Londres — O premier britânico, David Cameron, defendeu a regulação da imprensa por um órgão independente, causando arrepios até dentro de seu próprio Partido Conservador, mas ganhando aplausos inclusive da oposição. A sugestão foi feita na véspera da publicação, nesta quarta-feira, do resultado do inquérito sobre as escutas ilegais praticadas por jornais do magnata Rupert Murdoch. Antes de o premier discursar, um grupo de 86 parlamentares - a maioria conservadores - divulgou um texto em defesa da liberdade da expressão. A questão já é dada como o maior desafio do mandato de Cameron, que enfrenta prognósticos ruins sobre a reeleição em 2015.
A legislação do Reino Unido contra abusos da imprensa é uma das mais duras do Ocidente. O controle é realizado pelo Conselho de Reclamações da Imprensa (PCC, na sigla em inglês), formado pelos próprios órgãos de comunicação. Mas o sistema é considerado ineficaz, e 79% dos britânicos defendem a criação de uma entidade independente de regulação, segundo uma pesquisa da YouGov - o que indica o peso que a decisão do premier sobre o assunto terá. Essa deve ser a proposta do inquérito Leveson, aberto a mando de Cameron para investigar as escutas ilegais.
- Uma das principais coisas que o inquérito avalia é como se pode ter um sistema regulatório forte, independente, de forma a não precisar esperar pelos trâmites da Justiça criminal ou o sistema de (controle) de difamação (atual) funcionarem - disse o premier ao Parlamento. - O que importa é chegar a um sistema regulatório independente em que possamos confiar.
O líder trabalhista Ed Miliband comemorou, e pediu uma “mudança real”. Mas o conservador Philip Davies alertou que Cameron poderia ser lembrado como “o primeiro-ministro que introduziu a regulação estatal da imprensa”. Ele argumentou que não há meio termo nesse ponto:
- Imprensa livre é uma parte essencial da democracia e você concordaria que regulação da imprensa é igual gravidez: assim como se está ou não grávida,ou se tem regulação estatal ou não - afirmou Davies.
A divisão causada pelo assunto é tamanha que o próprio vice-premier, o liberal Nick Clegg, pediu para fazer um pronunciamento separado do de Cameron hoje no Parlamento, insinuando que pode haver divergências entre os dois partidos da coalizão governista - algo inédito desde que a aliança foi formada.
Racha entre conservadores
Os jornais “Daily Telegraph” e “Guardian” publicaram nesta quarta-feira o manifesto dos 86 parlamentares, incluindo nove ex-ministros, que disseram se “opor à imposição de qualquer forma de controle externo” da mídia. Isso seria impossível, diz o texto, sem um licenciamento estatal da imprensa, algo abolido em 1695 no país e “inimigo de qualquer ideia de liberdade de imprensa”.

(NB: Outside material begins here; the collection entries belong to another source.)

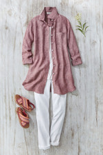 A lightweight, go-to piece you’ll love season after season – now with a slightly trimmed length for a flattering fit. Great to wear buttoned as a shirt or open as a topper, dressed up or down. Side pockets and one patch pocket, long button-cuff sleeves, shirttail hem.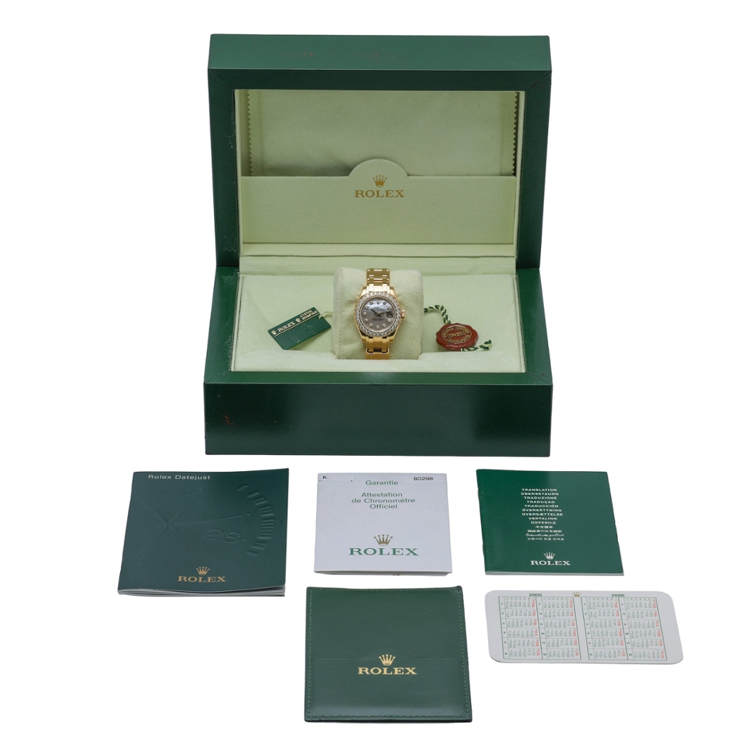 The 29mm case houses Rolex’s automatic movement, delivering the precision and reliability expected from the Pearlmaster collection. Its immaculate condition highlights how well this piece has been preserved — a truly elegant and prestigious choice for collectors seeking a refined gold Rolex with a strong jewellery aesthetic.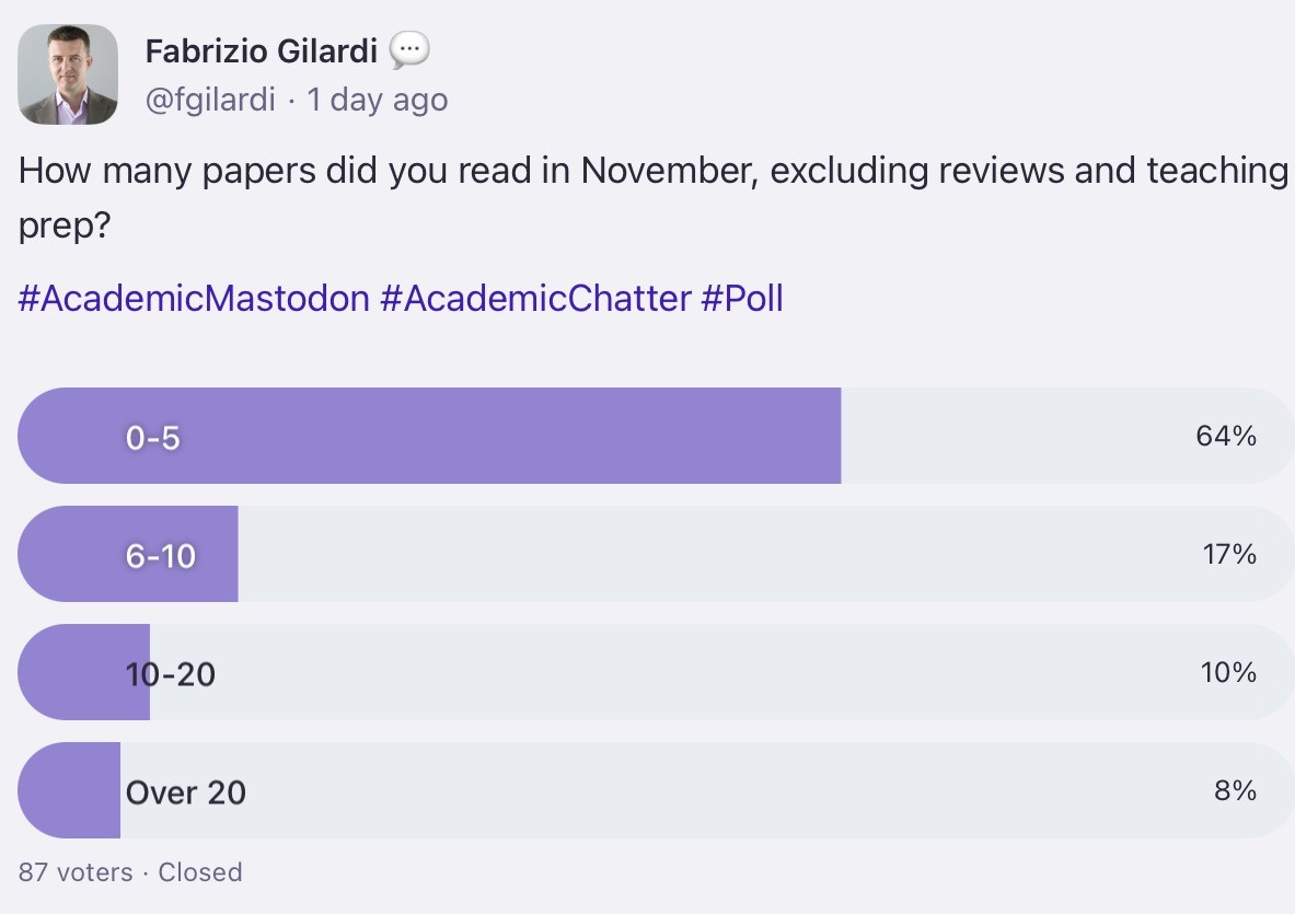 @fgilardi #AcademicMastodon @academicchatter Interesting question. I guess it also depends on what each of the respondent mean by "read" exactly. On my side, I skim through many papers each month but I give a careful read to max 6-10 papers a month (i.e. reading line by line, annotating, and indexing the paper in my database with some useful metadata).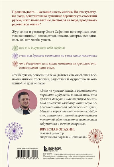 “This is not just a book, but an opportunity to adopt the wisdom and experience of those who have lived a long and fulfilling life. It will help each reader rethink their own path. The thoughts and experiences of centenarian grandmothers, described with such sincerity and warmth, inspire and make you think about eternal questions." — Vyacheslav Opakhin, editor-in-chief of the sports portal "Championship"

Antes da publicação desse texto, um outro grupo de 42 parlamentares conservadores havia divulgado um outro, favorável a uma maior regulação dos jornais.
Cameron não deixou claro se seria favorável a um controle estatal ou não, mas argumentou que “a imprensa livre é absolutamente vital para a democracia” e que, independente da mudança feita na regulação, “queremos uma imprensa livre e robusta em nosso país”.